Pi Xinyu, Wang Junzhi, Chu Liangliang, Zhang Guochun, Zhang Wenli
School of Nursing, Shandong First Medical University (Shandong Academy of Medical Sciences), Jinan, 250117, Shandong, China.
Department of Obstetrics, The First Affiliated Hospital of Shandong First Medical University (Shandong Provincial Qianfoshan Hospital), Jinan, 250014, Shandong, China.
Sci Rep. 2025 May 4;15(1):15561. doi: 10.1038/s41598-025-00450-3.
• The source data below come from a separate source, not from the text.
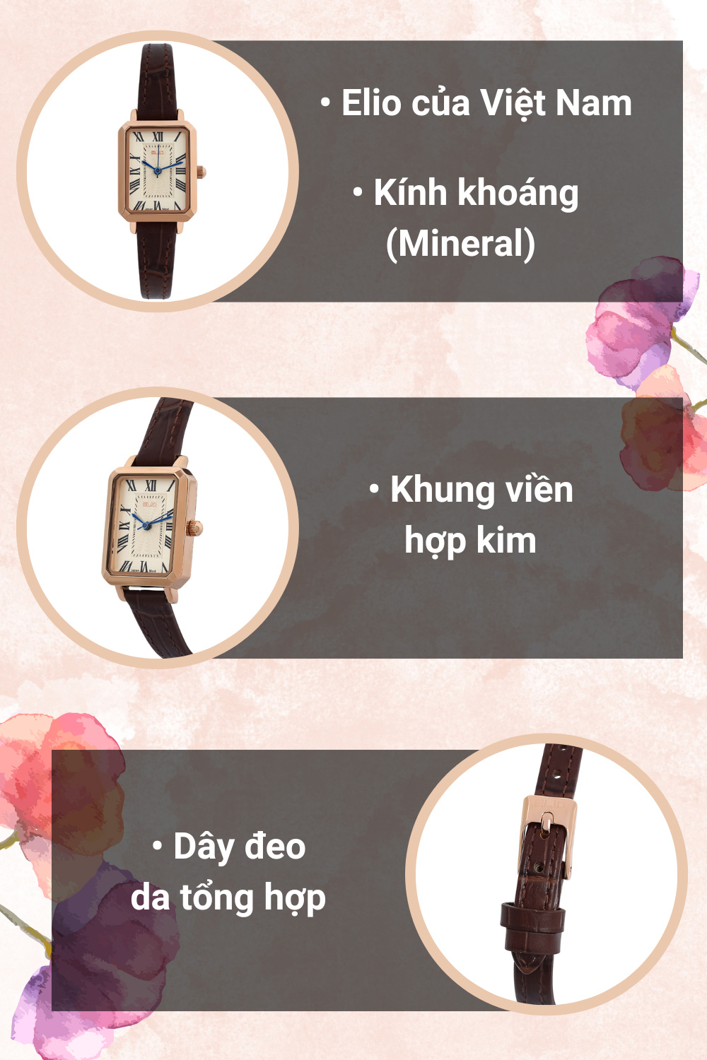 - Chiếc đồng hồ Elio này sở hữu đường kính mặt 21 mm, độ rộng dây 10 mm.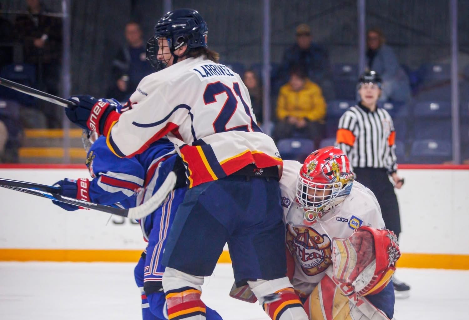 À noter que Lyam Jacques, en fin de première période, a écopé d’une pénalité de cinq minutes et d’une inconduite de partie pour avoir porté un coup à la tête. La rencontre a d’ailleurs été très physique entre les deux formations. Plusieurs altercations ont eu lieu à divers moments dans le match.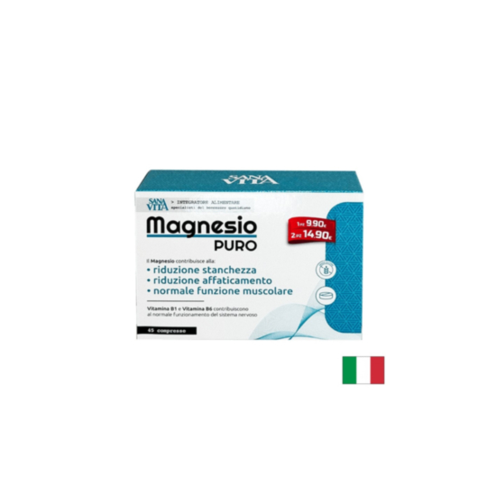 Sanavita Magnesio Puro е висококачествена хранителна добавка, разработена за подкрепа на сърдечно-съдовата и нервната система, както и за поддържане на нормалната функция на мускулите. Всяка опаковка съдържа 45 таблетки, които обогатяват дневната доза магнезий и витамини В1 и В6.
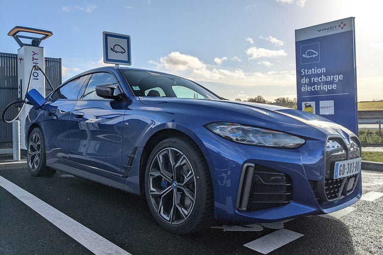 Devant la borne, les deux font jeu égal avec une confortable puissance de recharge DC de 205 kW. Sur une borne Ionity (BMW propose un tarif préférentiel de 0,30 €/min avec un abonnement à 13 €/mois), la i4 peut tirer le maximum de sa puissance et annoncer une recharge de 10 à 80 % en 31 minutes. Par excès de prudence, nous n’avons pas effectué de test de recharge rapide complet. En revanche, nous avons observé une certaine cohérence avec la courbe de recharge communiquée par le constructeur, avec 117 kW de puissance à 50 % de charge et 43 kW à 80 %. Il faudrait donc pouvoir brancher la voiture sous la barre des 20 % de charge pour profiter du pic de puissance.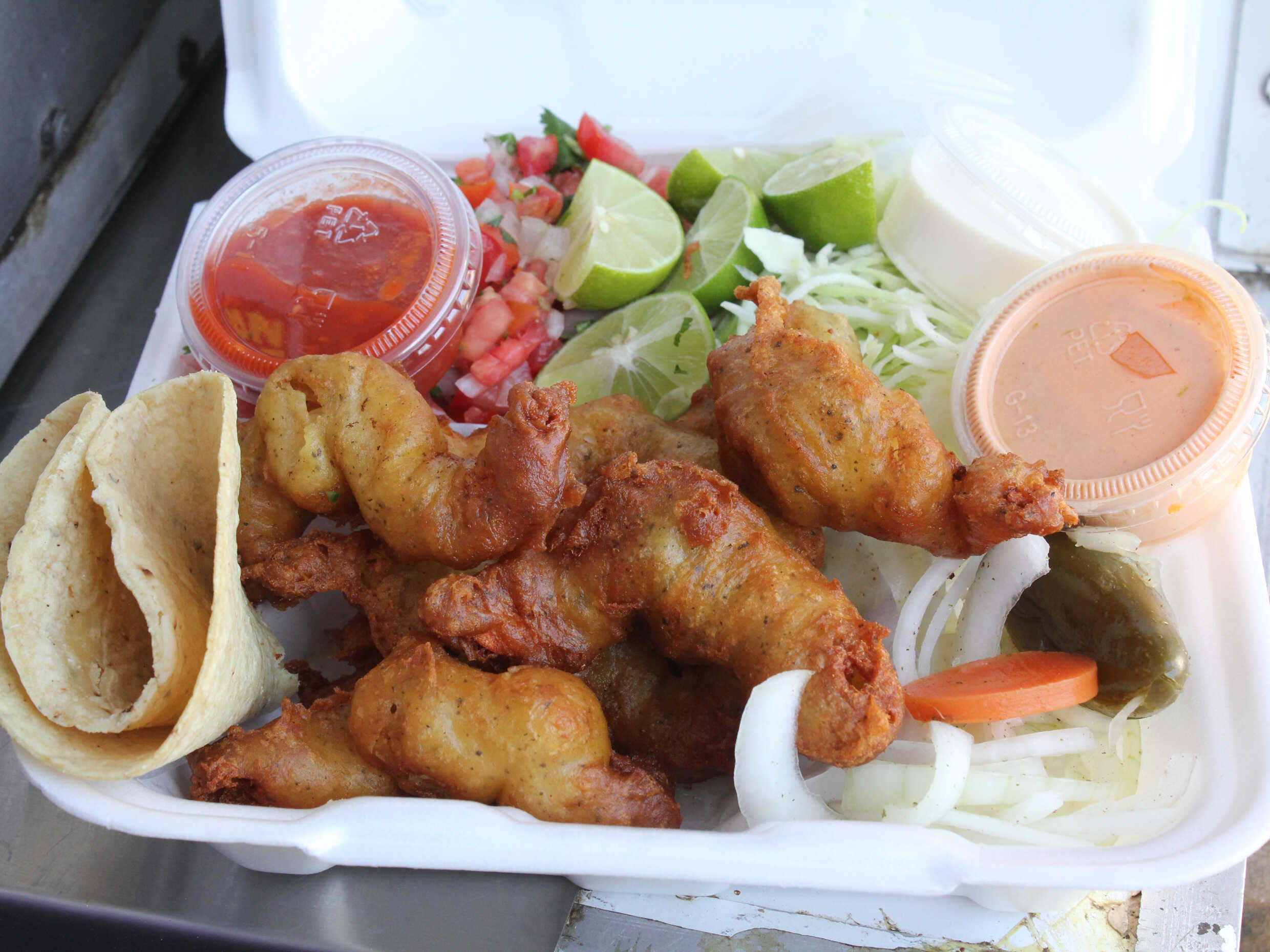 (por unidad )Salsa mexicana acompañada de repollo, limón mayonesa , camarón Platillo personal.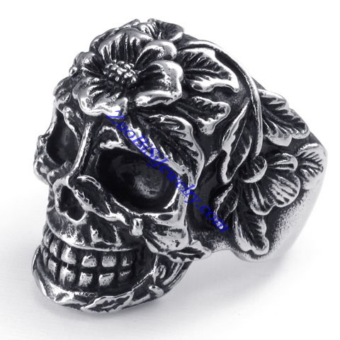 big flower skull ring JR350283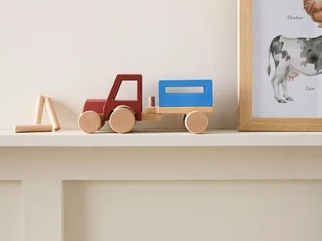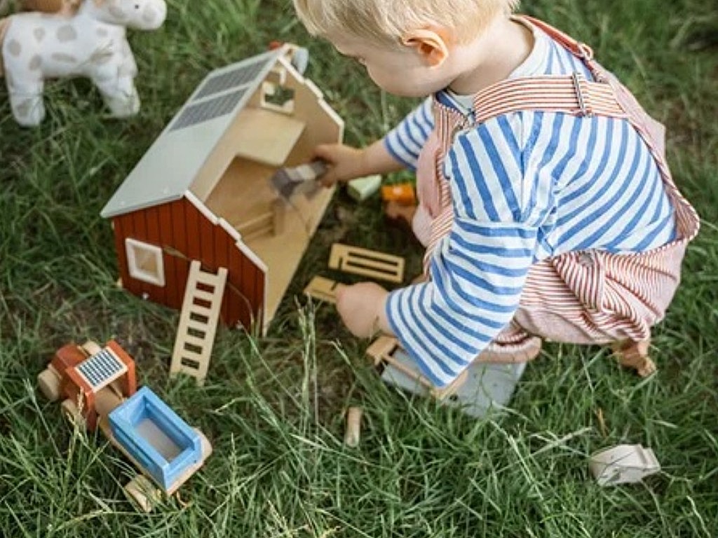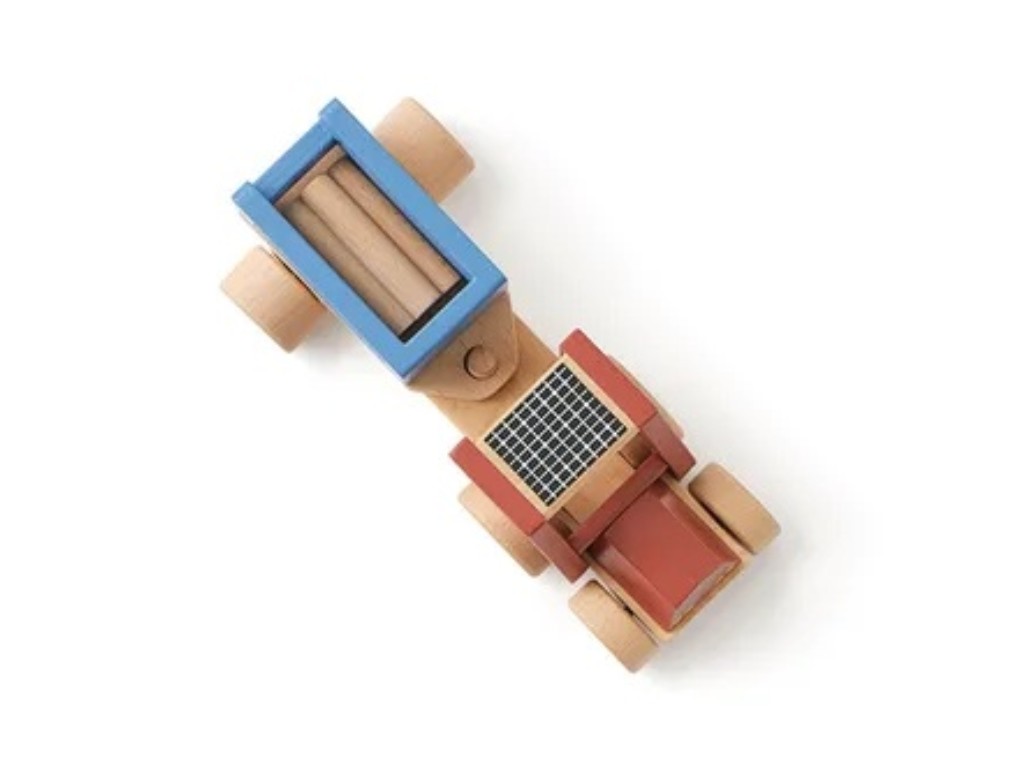 Dřevěný zemědělský traktůrek se solárním panelem na střeše bude krásnou hračkou pro kluky ale i holčičky. Traktor veze na odnímatelné vlečce klády, ale stejně dobře může povozit zvířátka nebo třeba kostky vašich dětí. Přiveze vše, co bude třeba k obstarání zvířátek z farmy, případně materiál na stavbu nebo úrodu ze zahrady a pole.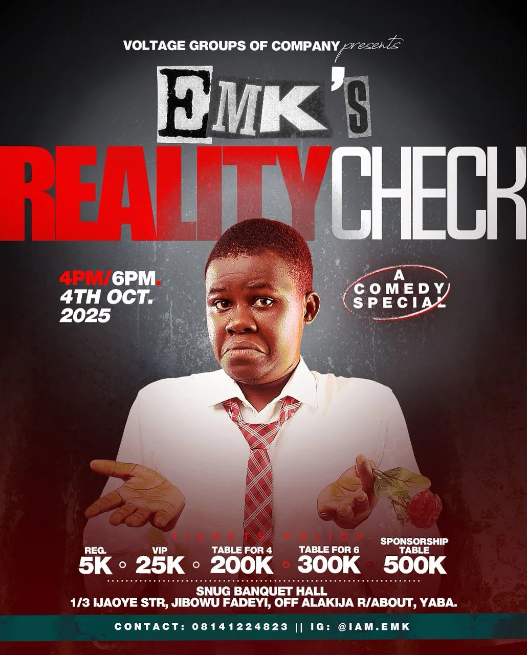 Emk’s Reality Check is more than a performance; it’s a mirror held up to life’s truths, struggles, and unfiltered realities. Through powerful storytelling, raw emotions, and thought-provoking expression. This isn’t just art, it’s an experience, a wake-up call, and a deep dive into the human condition. Come ready to laugh, reflect, and connect with the power of realness. Don’t just watch, feel it. Ticket from N5,000.

This study explores the application of machine learning algorithms in predicting high-risk pregnancy among expectant mothers, aiming to construct an efficient predictive model to improve maternal health management. The study is based on the maternal health risk dataset (MHRD) from Bangladesh, covering multiple hospitals, community clinics, and maternal healthcare centers, and encompassing health data from 1014 pregnant women. Six machine learning algorithms-multilayer perceptron (MLP), logistic regression (LR), decision tree (DT), random forest (RF), eXtreme Gradient Boosting (XGBoost), and support vector machine (SVM)-are employed to construct predictive models. It is worth noting that MLP demonstrates superior performance compared with the other five algorithms. By applying the MLP method, the study successfully established an efficient pregnancy risk prediction model. The model evaluation results indicate that it has high accuracy in predicting pregnancy risks, with an overall accuracy rate of 82%, and particularly high accuracy in high-risk predictions, reaching 91%. With the computational support of an NVIDIA GPU RTX3050Ti, the model demonstrated excellent data processing capabilities, capable of predicting and processing 500 sets of data items per second. This study not only showcases the enormous potential of machine learning technology in the healthcare field, especially in the rapid and accurate identification of high-risk pregnancies, providing a powerful decision-support tool for medical professionals, but also offers significant reference value for future research in this area.
本研究探讨机器学习算法在预测孕妇高危妊娠中的应用,旨在构建一个高效的预测模型以改善孕产妇健康管理。该研究基于孟加拉国的孕产妇健康风险数据集(MHRD),涵盖多家医院、社区诊所和孕产妇保健中心,包含1014名孕妇的健康数据。采用六种机器学习算法——多层感知器(MLP)、逻辑回归(LR)、决策树(DT)、随机森林(RF)、极端梯度提升(XGBoost)和支持向量机(SVM)——来构建预测模型。值得注意的是,与其他五种算法相比,MLP表现出卓越的性能。通过应用MLP方法,该研究成功建立了一个高效的妊娠风险预测模型。模型评估结果表明,它在预测妊娠风险方面具有较高的准确性,总体准确率为82%,在高危预测方面准确率尤其高,达到91%。在NVIDIA GPU RTX3050Ti的计算支持下,该模型展示了出色的数据处理能力,能够每秒预测和处理500组数据项。本研究不仅展示了机器学习技术在医疗保健领域的巨大潜力,特别是在快速准确识别高危妊娠方面,为医学专业人员提供了一个强大的决策支持工具,而且为该领域未来的研究提供了重要的参考价值。